═════ PROVIDED DATA ═════
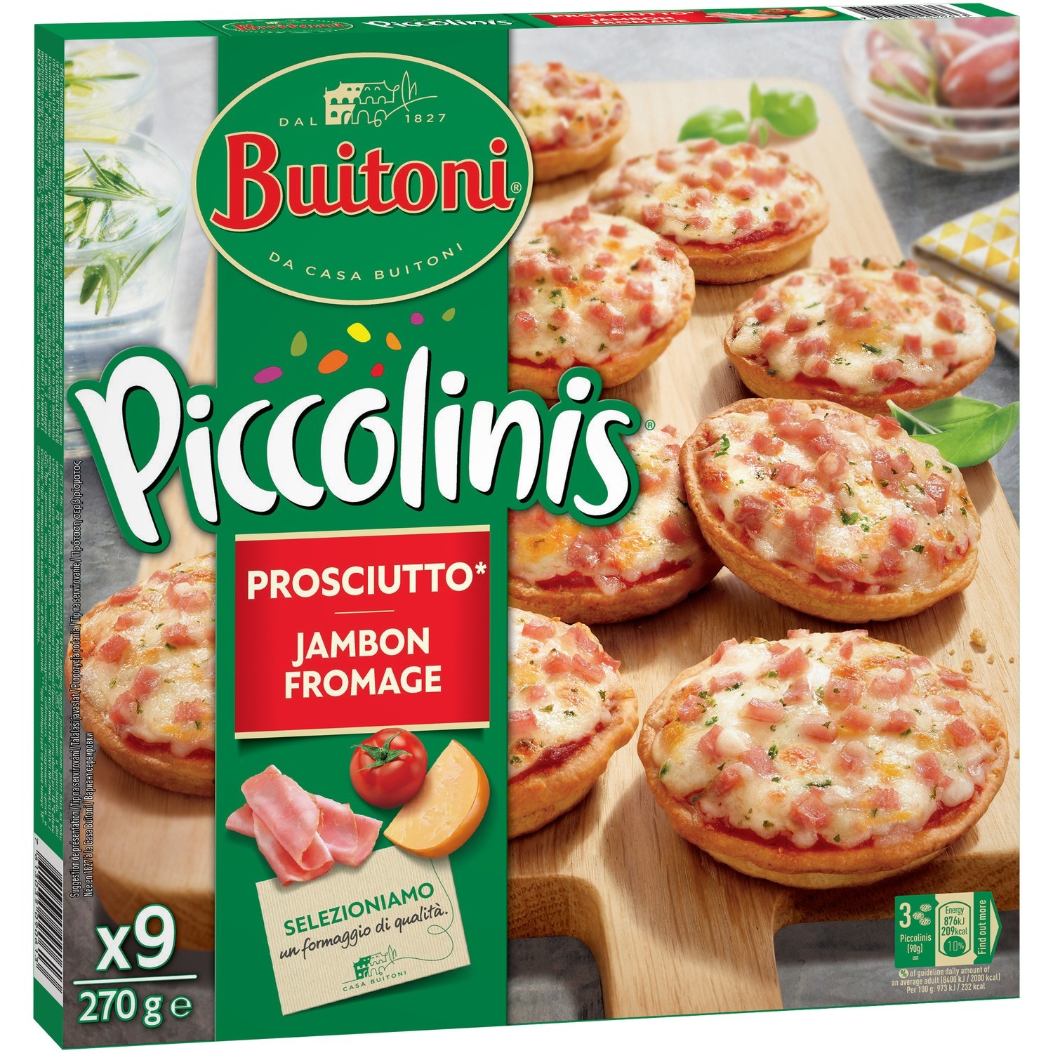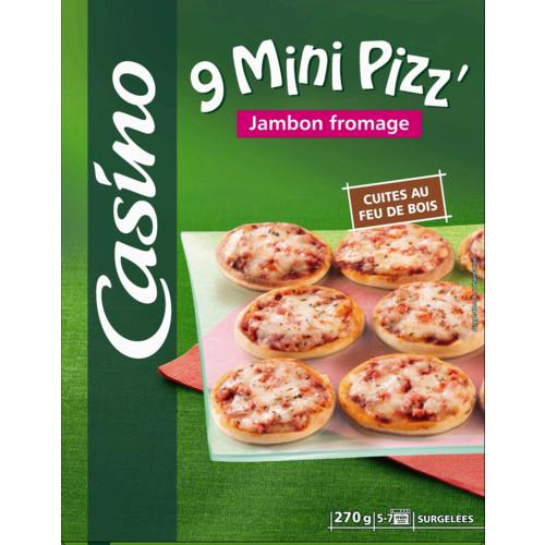 9 Mini pizzas à l'edam et au jambon cuit supérieur, cuites au feu de bois, surgelées. Ingrédients : Farine de _blé_ - purée de tomates...
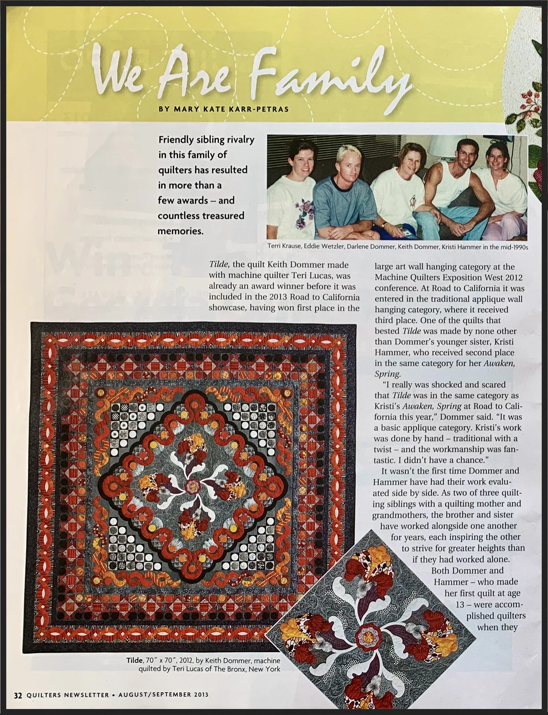 Tilde was featured in an article about our quilting family in the Aug/Sept 2013 edition of Quilters Newsletter Magazine - look at those quilt-making shoulders! =)
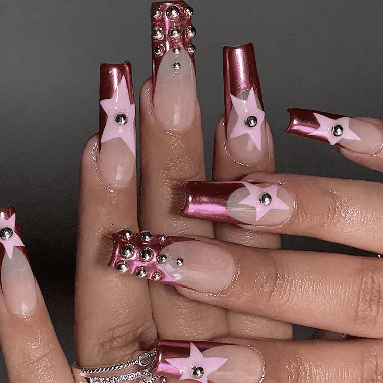 Unleash your inner rockstar with this maximalist pink chrome mani! This design isn’t for the faint of heart – it’s a dazzling triple threat that guarantees to turn heads. Imagine a base of captivating pink chrome, adorned with classic French tips for a touch of timeless elegance. But that’s just the beginning! Shimmering silver appliqués and dazzling star designs are then layered on top, creating a truly celestial spectacle. These pink chrome nails don’t just shine, they shoot for the stars, making a bold and unforgettable statement.
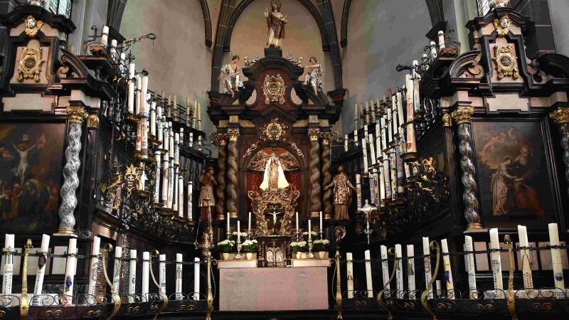 Het Genadebeeld, De Genade kapel en Maria Basiliek en het Hoogaltaar van de Kaarsenkapel (Foto van Paul Hermans in Wikipedia)
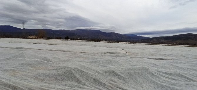 İzmir'in Ödemiş ilçesindeki patates üreticileri yağışların ardından hasada hazırlanıyor. Ürününü kış sonuna bekletmek isteyen bazı üreticiler de don tehlikesine karşı tarlaları elyafla örtmeye başladı.
═════
Take the lines from the one that contains "Het Genadebeeld, De" down to the last line of the listing above, both included, and set them down exactly, leaving out pictures.

• _EXERCISE SOLUTION_
 Het Genadebeeld, De Genade kapel en Maria Basiliek en het Hoogaltaar van de Kaarsenkapel (Foto van Paul Hermans in Wikipedia)
 İzmir'in Ödemiş ilçesindeki patates üreticileri yağışların ardından hasada hazırlanıyor. Ürününü kış sonuna bekletmek isteyen bazı üreticiler de don tehlikesine karşı tarlaları elyafla örtmeye başladı.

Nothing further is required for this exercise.